The results of this study also suggest utility in the measurement of CVP in the post-CABG setting. Measurement of CVP at 6 hours postoperatively was chosen for this study because it allowed for a period of stabilization in the intensive care unit but was not so far out from surgery that central venous catheters were likely to have already been removed. We found that CVP at 6 hours correlated most strongly with outcome as opposed to CVP measured immediately upon postoperative ICU arrival, or the value of the difference between these values. Contemporaneous registry data has identified CVP as a strong independent predictor of outcomes among a diverse group of adult patients with cardiovascular disease [10], medically-managed heart failure patients with renal dysfunction [11], and patients with cirrhosis undergoing heart surgery [12]. Both the Mullens et al study of heart failure patients [11] and the Lopez-Delgado et al study of cirrhotic heart surgery patients [12] assessed CVP in the acute inpatient setting, although the patient populations were unique and sample sizes substantially smaller as compared to the present study.

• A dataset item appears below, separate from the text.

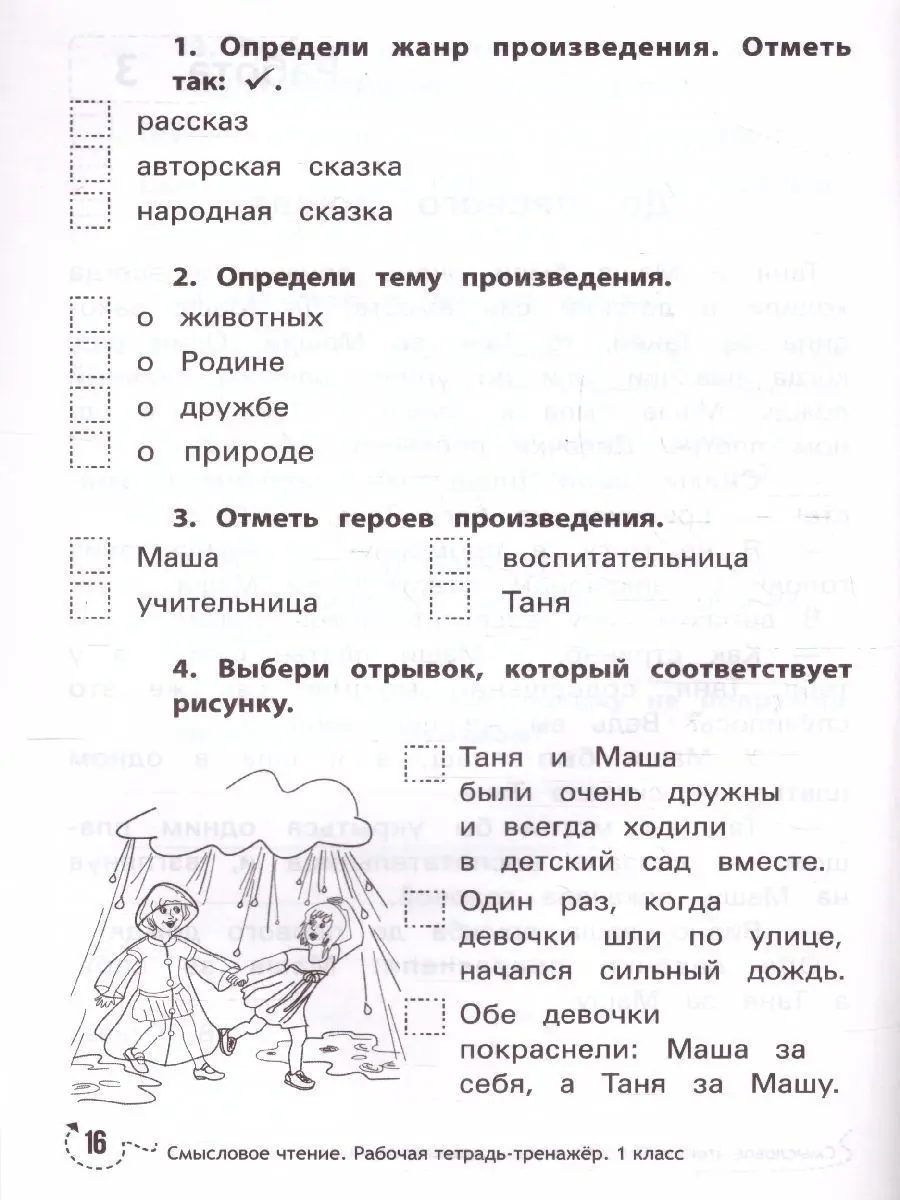 Данное учебное пособие предназначено для проверки навыков смыслового чтения учащихся 1 класса. Материалы пособия могут быть использованы и для контрольной проверки полученных знаний и навыков, и на уроках по основным предметам.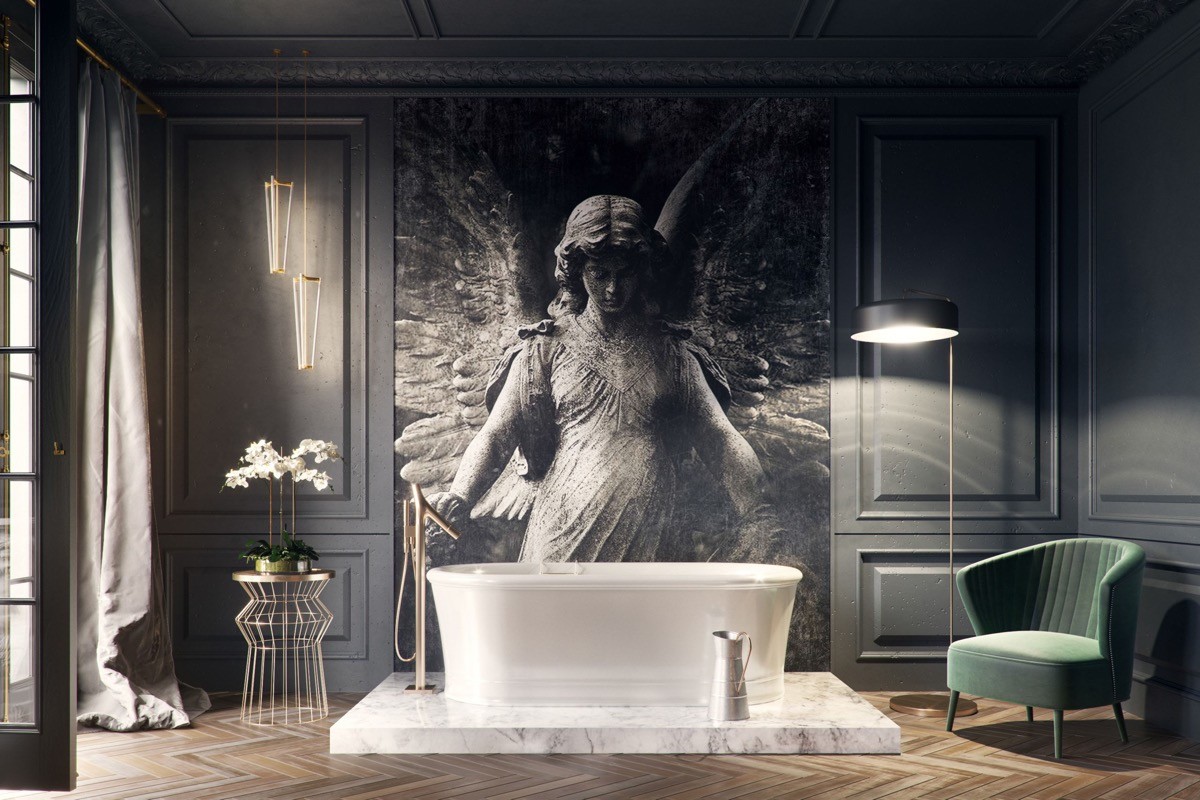 The hero of this room is most certainly the imposing garden statue art mural, softly lit by small bathroom pendant lights at one side and a floor lamp at the other.

The present study supports specifically the usefulness of CVP measurement during the early postoperative ICU recovery period among a multi-institutional cohort of CABG patients. Given the ease of measurement and ubiquitous nature of central venous catheters following CABG surgery, the present data support the routine assessment of CVP in this patient population. While considerable attention is given to cardiac index, CVP may provide additional information regarding right ventricular function. The present study supports clinical attention to high CVP values and consideration of overly aggressive volume resuscitation, pericardial tamponade, valvular regurgitation, right ventricular dysfunction, and other potential etiologies. Although the usefulness of further diagnostic studies or interventions based on CVP values remains to be validated in future studies, it remains our practice to measure and consider CVP values in decision-making for patients following CABG surgery.

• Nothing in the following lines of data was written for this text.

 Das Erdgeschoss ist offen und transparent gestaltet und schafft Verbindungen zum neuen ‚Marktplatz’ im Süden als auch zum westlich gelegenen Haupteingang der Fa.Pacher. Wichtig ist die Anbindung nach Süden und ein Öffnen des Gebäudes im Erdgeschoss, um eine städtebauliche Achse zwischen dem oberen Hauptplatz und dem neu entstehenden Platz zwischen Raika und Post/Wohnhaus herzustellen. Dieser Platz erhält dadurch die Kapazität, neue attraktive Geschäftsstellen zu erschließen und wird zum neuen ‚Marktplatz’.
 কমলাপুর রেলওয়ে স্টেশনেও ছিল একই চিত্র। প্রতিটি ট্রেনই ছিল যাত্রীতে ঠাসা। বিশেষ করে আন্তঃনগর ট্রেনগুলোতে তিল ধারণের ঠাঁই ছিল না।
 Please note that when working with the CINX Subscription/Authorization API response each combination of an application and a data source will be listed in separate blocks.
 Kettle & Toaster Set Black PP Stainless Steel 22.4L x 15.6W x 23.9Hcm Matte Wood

The findings of this study should be viewed in the setting of several important limitations. This study evaluated associations between measured clinical variables and outcomes and the results herein may have been influenced by unmeasured variables. CVP measurements were not blind to clinicians. Therefore, response by clinicians to CVP values as part of patient care may have resulted in an underestimation of the association between CVP and outcome. While the present study is a large multi-institutional sampling of perioperative care in high-risk CABG patients, exact outcomes in any individual center may vary from our results. CVP values are affected by many conditions, including right ventricular dysfunction, tricuspid valve disease, cardiac tamponade, perioperative fluid administration, pericarditis, and renal failure. Etiology of elevated CVP was not able to be determined.

Conclusions

In this observational cohort, central venous pressure following CABG surgery was predictive of early mortality and renal failure, independent of cardiac index and other important clinical variables. Our study highlights the importance of using CVP routinely at 6 hours after ICU arrival, a simple and easily performed tool, to assess risk of early death and renal failure in patients undergoing CABG-surgery. Whether or not CVP can be used to guide therapy in this setting deserves further investigation.